__Assignment__. Copying exactly, give the lines in the material below from the one with "Vertical sur Socle" to the one with "UNITA' EDILIZIA NR. 1", ends included, and nothing besides.

__Information__.

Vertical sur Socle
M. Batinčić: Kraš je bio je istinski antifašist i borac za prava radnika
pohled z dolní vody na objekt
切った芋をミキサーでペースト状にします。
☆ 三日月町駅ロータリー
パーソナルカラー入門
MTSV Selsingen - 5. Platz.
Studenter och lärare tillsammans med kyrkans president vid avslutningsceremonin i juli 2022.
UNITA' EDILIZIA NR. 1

* * *

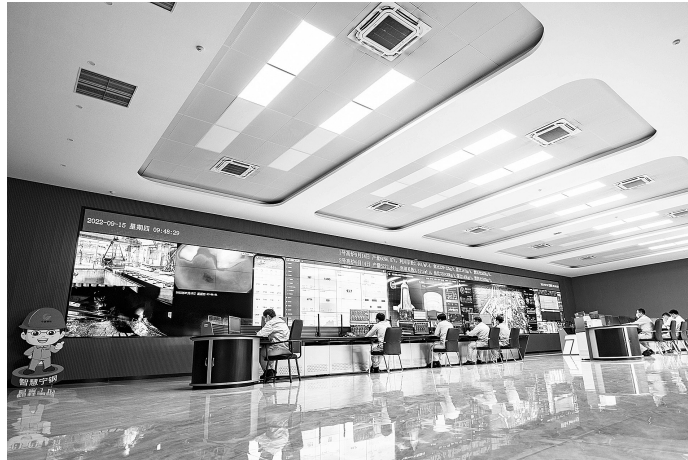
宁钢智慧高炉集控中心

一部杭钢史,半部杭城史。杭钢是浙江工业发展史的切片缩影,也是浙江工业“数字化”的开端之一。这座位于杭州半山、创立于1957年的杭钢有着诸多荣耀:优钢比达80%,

__Result for this task__.
Vertical sur Socle
M. Batinčić: Kraš je bio je istinski antifašist i borac za prava radnika
pohled z dolní vody na objekt
切った芋をミキサーでペースト状にします。
☆ 三日月町駅ロータリー
パーソナルカラー入門
MTSV Selsingen - 5. Platz.
Studenter och lärare tillsammans med kyrkans president vid avslutningsceremonin i juli 2022.
UNITA' EDILIZIA NR. 1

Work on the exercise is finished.